* PROBLEM STATEMENT *
The copy you produce must repeat each record exactly and contain no pictures.

Dataset items:
Start of Block
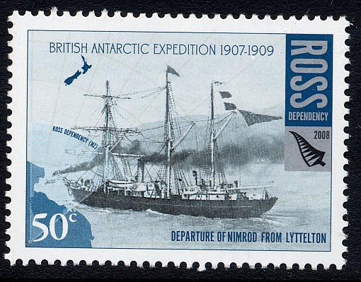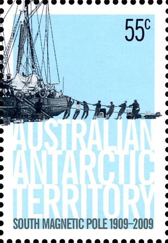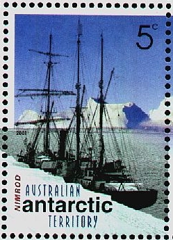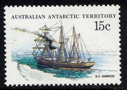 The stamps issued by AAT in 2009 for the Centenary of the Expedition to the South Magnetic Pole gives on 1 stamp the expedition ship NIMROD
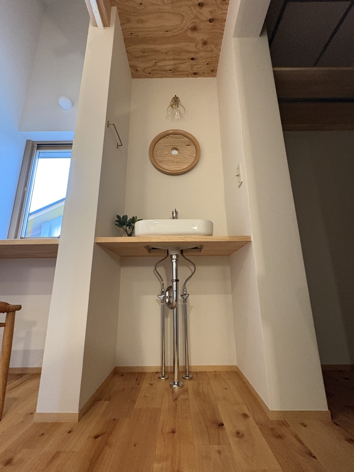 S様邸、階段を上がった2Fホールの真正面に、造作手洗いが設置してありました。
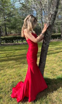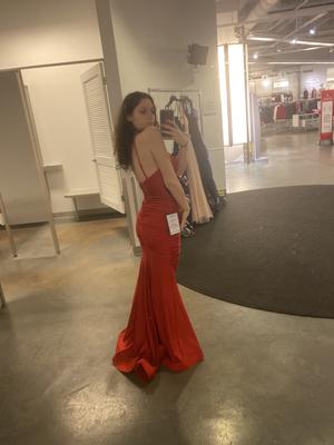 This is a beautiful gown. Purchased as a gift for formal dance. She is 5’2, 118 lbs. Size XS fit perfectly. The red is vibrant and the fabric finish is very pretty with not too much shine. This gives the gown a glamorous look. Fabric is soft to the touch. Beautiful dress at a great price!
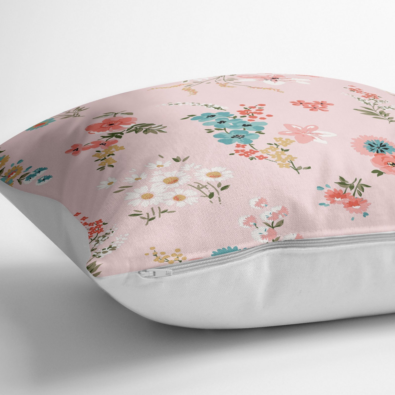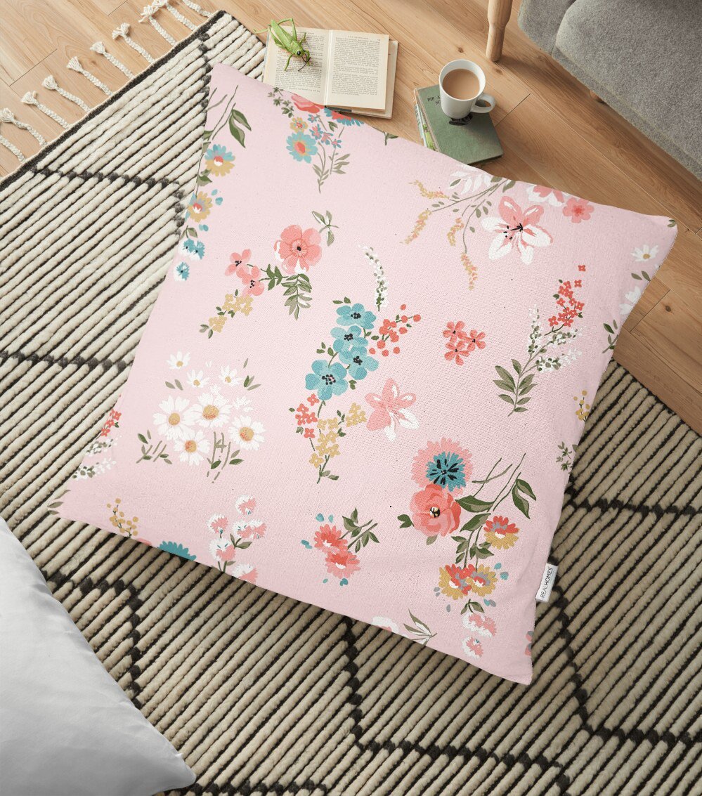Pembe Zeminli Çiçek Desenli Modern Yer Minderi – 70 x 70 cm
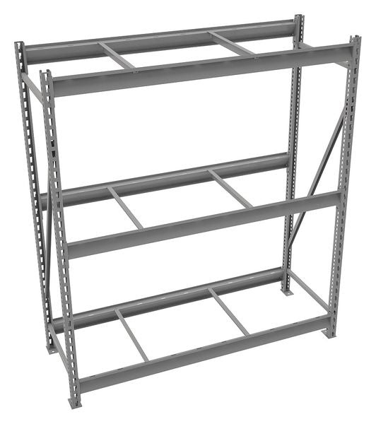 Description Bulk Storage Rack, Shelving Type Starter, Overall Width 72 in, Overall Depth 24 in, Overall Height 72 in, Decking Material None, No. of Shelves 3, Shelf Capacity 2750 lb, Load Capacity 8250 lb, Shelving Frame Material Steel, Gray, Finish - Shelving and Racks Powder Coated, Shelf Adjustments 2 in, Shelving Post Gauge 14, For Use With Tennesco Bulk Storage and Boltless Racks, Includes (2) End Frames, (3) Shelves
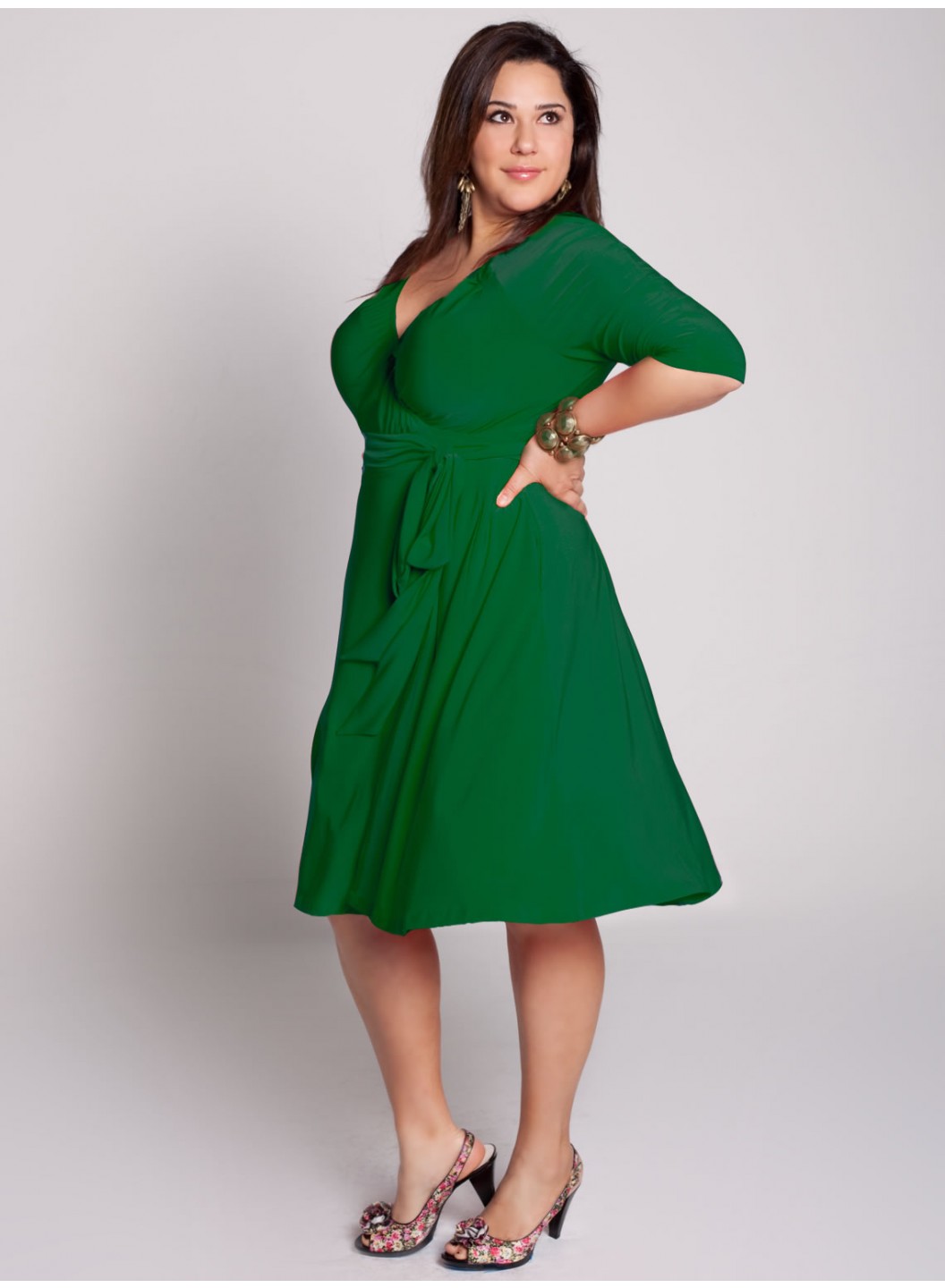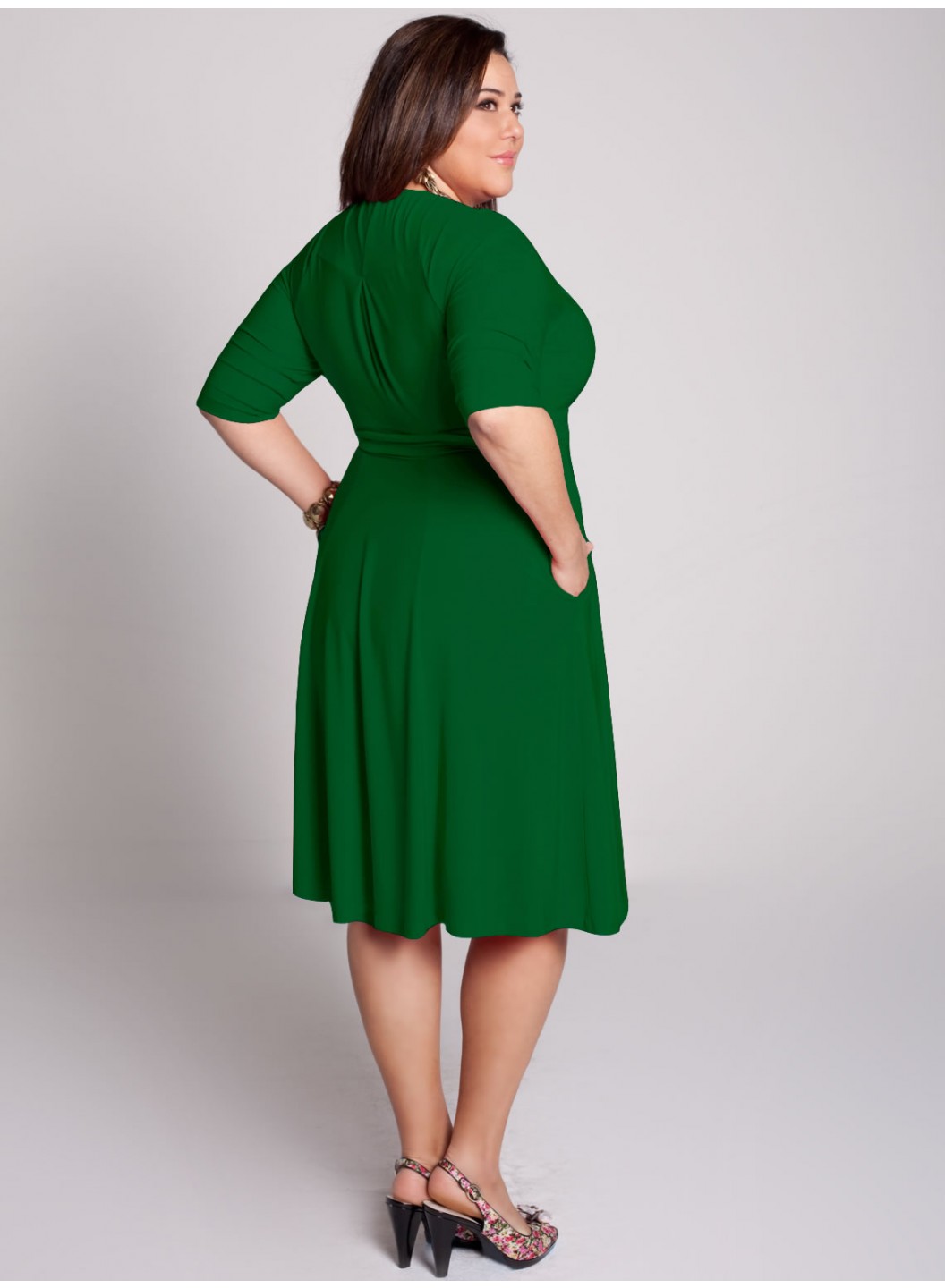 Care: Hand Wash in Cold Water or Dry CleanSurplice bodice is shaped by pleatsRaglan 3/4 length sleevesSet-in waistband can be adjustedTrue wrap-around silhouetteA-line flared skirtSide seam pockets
End of Block
* EXPECTED ANSWER *
 The stamps issued by AAT in 2009 for the Centenary of the Expedition to the South Magnetic Pole gives on 1 stamp the expedition ship NIMROD
 S様邸、階段を上がった2Fホールの真正面に、造作手洗いが設置してありました。
 This is a beautiful gown. Purchased as a gift for formal dance. She is 5’2, 118 lbs. Size XS fit perfectly. The red is vibrant and the fabric finish is very pretty with not too much shine. This gives the gown a glamorous look. Fabric is soft to the touch. Beautiful dress at a great price!
Pembe Zeminli Çiçek Desenli Modern Yer Minderi – 70 x 70 cm
 Description Bulk Storage Rack, Shelving Type Starter, Overall Width 72 in, Overall Depth 24 in, Overall Height 72 in, Decking Material None, No. of Shelves 3, Shelf Capacity 2750 lb, Load Capacity 8250 lb, Shelving Frame Material Steel, Gray, Finish - Shelving and Racks Powder Coated, Shelf Adjustments 2 in, Shelving Post Gauge 14, For Use With Tennesco Bulk Storage and Boltless Racks, Includes (2) End Frames, (3) Shelves
 Care: Hand Wash in Cold Water or Dry CleanSurplice bodice is shaped by pleatsRaglan 3/4 length sleevesSet-in waistband can be adjustedTrue wrap-around silhouetteA-line flared skirtSide seam pockets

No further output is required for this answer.